Critics Slam Volcker Rule as 'Worst of All Worlds'

Banking regulatory guidelines deemed 'Glass-Steagall lite'

Financial regulators announced Tuesday that, after three and a half years of negotiations and billions spent by big banks in an attempt to carve out regulatory loopholes, Feds agreed upon a set of banking reform guidelines known as the "Volcker Rule."

Following the announcement, financial reform advocates cautioned those who celebrated the agreed-upon rules as a "major defeat for Wall Street," by saying that by providing flexible exemptions and self-reporting compliance, the lukewarm deal was "the worst of all worlds."

Known to critics as "Glass-Steagall-lite," section 619 of the Dodd-Frank Wall Street Reform and Consumer Protection Act (called the "Volcker Rule" after Paul Volcker, the former chairman of the Federal Reserve), claims to establish a firewall between commercial lending and investment banks by preventing big banks from making proprietary trades for their own profit.

Following the 2010 passage of Dodd-Frank, the details of this section had to be crafted jointly by five banking regulators--the Federal Reserve, the Federal Deposit Insurance Corporation (FDIC), the Office of the Comptroller of the Currency (OCC), the Securities and Exchange Commission (SEC), and the Commodity Futures Trading Commission (CFTC).

After three and a half years, the groups announced in a joint statement Tuesday completion of the task:

The final rules prohibit insured depository institutions and companies affiliated with insured depository institutions ("banking entities") from engaging in short-term proprietary trading of certain securities, derivatives, commodity futures and options on these instruments, for their own account. The final rules also impose limits on banking entities' investments in, and other relationships with, hedge funds or private equity funds.

However, the group notes, there are exemptions for certain activities, "including market making, underwriting, hedging, trading in government obligations, insurance company activities, and organizing and offering hedge funds or private equity funds."

Many claim the rules' 800+ pages and overly-flexible exemptions will provide cover for the big banks to continue business as usual.

"The 'Volcker Rule' represents Glass-Steagall-lite," writes William Black, former bank regulator and associate professor of economics and law at the University of Missouri-Kansas City. "It cannot work because it avoids doing what Glass-Steagall did," he writes, by clearly separating "what was permissible from what was forbidden."

"In an effort to limit the evasions that are made inevitable by its failure to act boldly and ban derivative derivatives, [the rule] will reportedly be over 850 pages," Black continues. "It will be a nightmare for bank examiners and honest banks, yet the big cheating banks will easily evade it by calling their speculation 'hedging.'"

"The result will be the worst of all worlds," he adds.
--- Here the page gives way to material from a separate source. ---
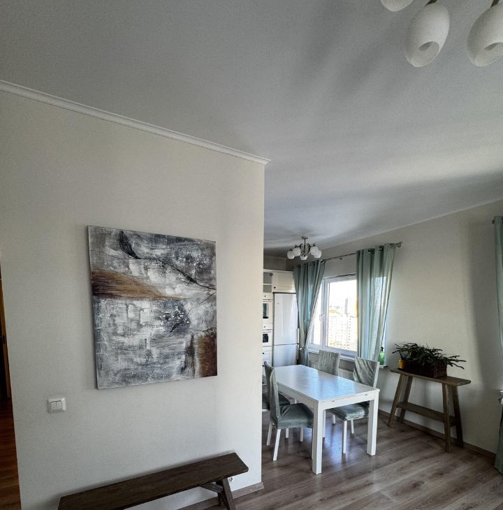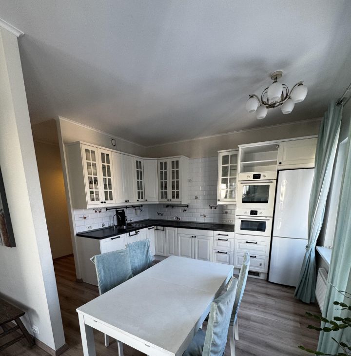 Светлая, стильная и тёплая квартира полностью укомплектована всей необходимой бытовой техникой: стиральная машина, варочная поверхность , духовой шкаф, микроволновая печь, холодильник, посудомоечная машина. Просторная кухнягостиная (30 м кв) с обеденной зоной и мягким пуфами станет центром семейных вечеров.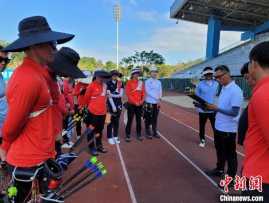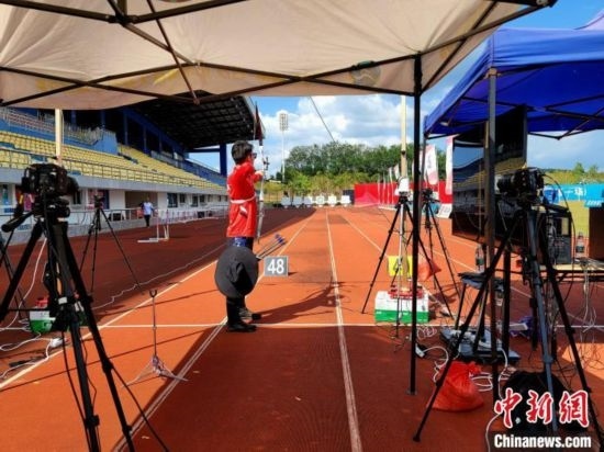 國家體育訓(xùn)練南方基地(海南白沙·綜合),國家射箭隊紅隊在進行一場隊內(nèi)賽。 中新網(wǎng)記者 王曉斌 攝

Further, as independent financial reporter David Dayen writes in the New Republic, by allowing big banks to engage in "market-making," the Volcker rule opens to the door to "back-door proprietary trading":

[T]he legislative statute allows banks to engage in "market-making," facilitating trades for clients in stocks, bonds or other securities. Merkley analogizes this to banks operating like a grocery store, keeping enough bread in stock in case customers request it . "It doesn't mean you can buy a warehouse full of the bread and bet on the price changing," Merkley said. Market-making generated $44 billion for the five biggest banks just last year, as they profit from holding the stocks and bonds for a short while. Reformers fear that banks will label virtually every asset they purchase as inventory for market-making, turning it into back-door proprietary trading.
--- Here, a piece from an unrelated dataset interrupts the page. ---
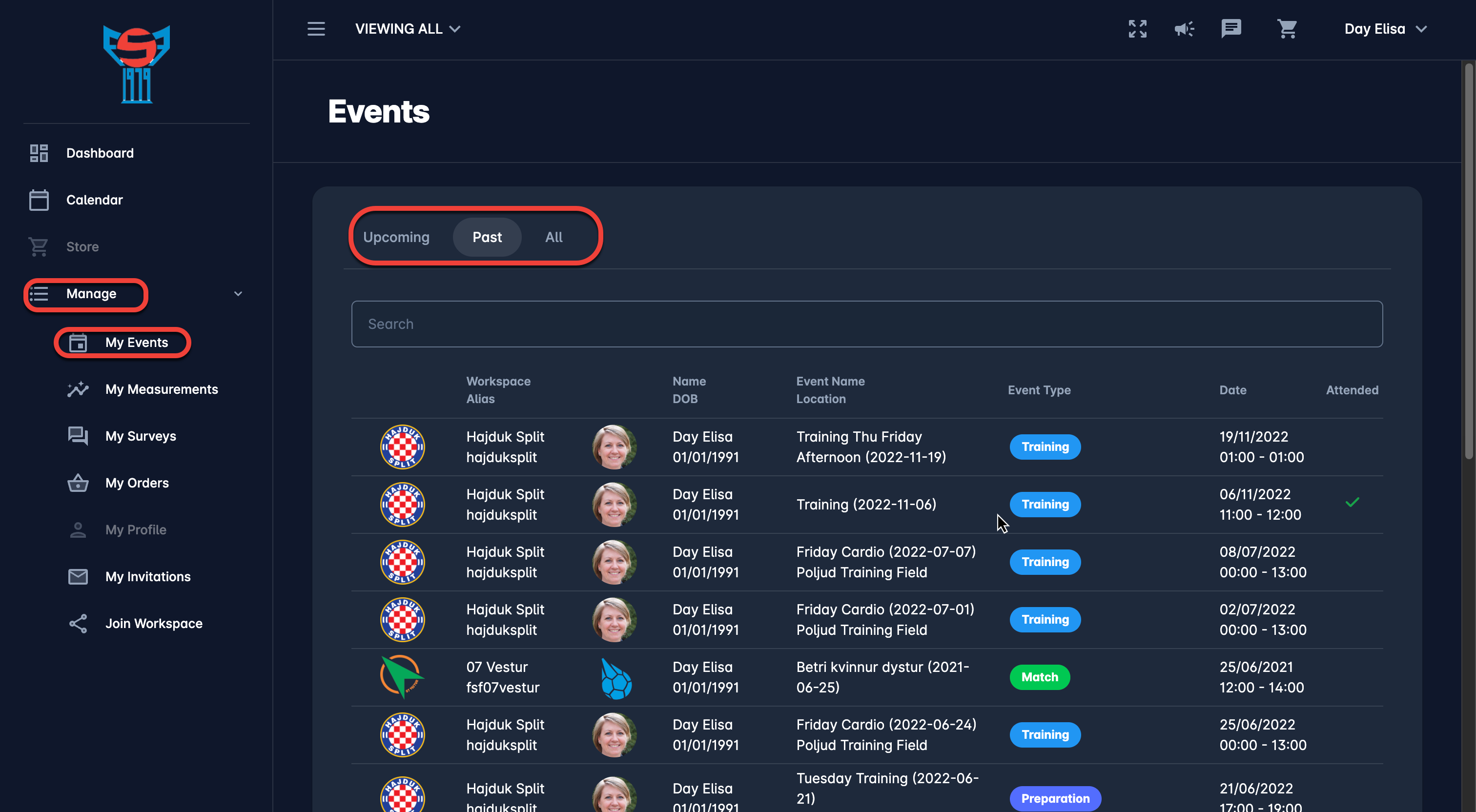Events can be e.g. recurring weekly trainings, individual team meetings, summer camps, or any other events organized in your workspace. In the My Events Menu, you will be able to see the list of the events that you have been added to/ participated in.

Further, the rule may also give banks discretion to decide for themselves whether their trades are permissible.

According to the joint press release, compliance with the rule is determined by the size of the operation. Those with "significant trading operations" must establish a compliance program where bank CEOs will be required to "attest that the program is reasonably designed to achieve compliance with the final rule."

Citing a similar certification that could have been used during the financial crisis to send non-compliant CEOs to jail, Dayen writes: "Given that history, and the fact that the certification here is even weaker, it's hard to see it as much more than lip service."

"Whoever is the primary supervisor has enormous discretion about how this [rule] will affect trading," Marcus Stanley, the policy director at Americans for Financial reform, toldMother Jones. He added that the final Volcker rule "does not include transparency provisions that would allow the public to judge whether banks are complying."

With Reuters reporting that Wall Street banks are already preparing to wage a legal battle against the new rule, observers note that any analysis--whether celebratory or critical--is premature.

As Dayen writes:

[I]f you view financial reform like a football game, today's votes kick off the third quarter of a contest destined for 34 consecutive overtimes. Today's vote mostly triggers an extended period of data collection and guideline-setting, giving mega-banks many future opportunities to water down the rules. And even if implementation wraps up strongly--as it certainly could--regulatory spine will be needed to prevent another financial crisis. As [Volcker rule co-author Senator Jeff] Merkley noted, in matters like this, "you need eternal vigilance." And, in Washington and on Wall Street, vigilance has often been anything but.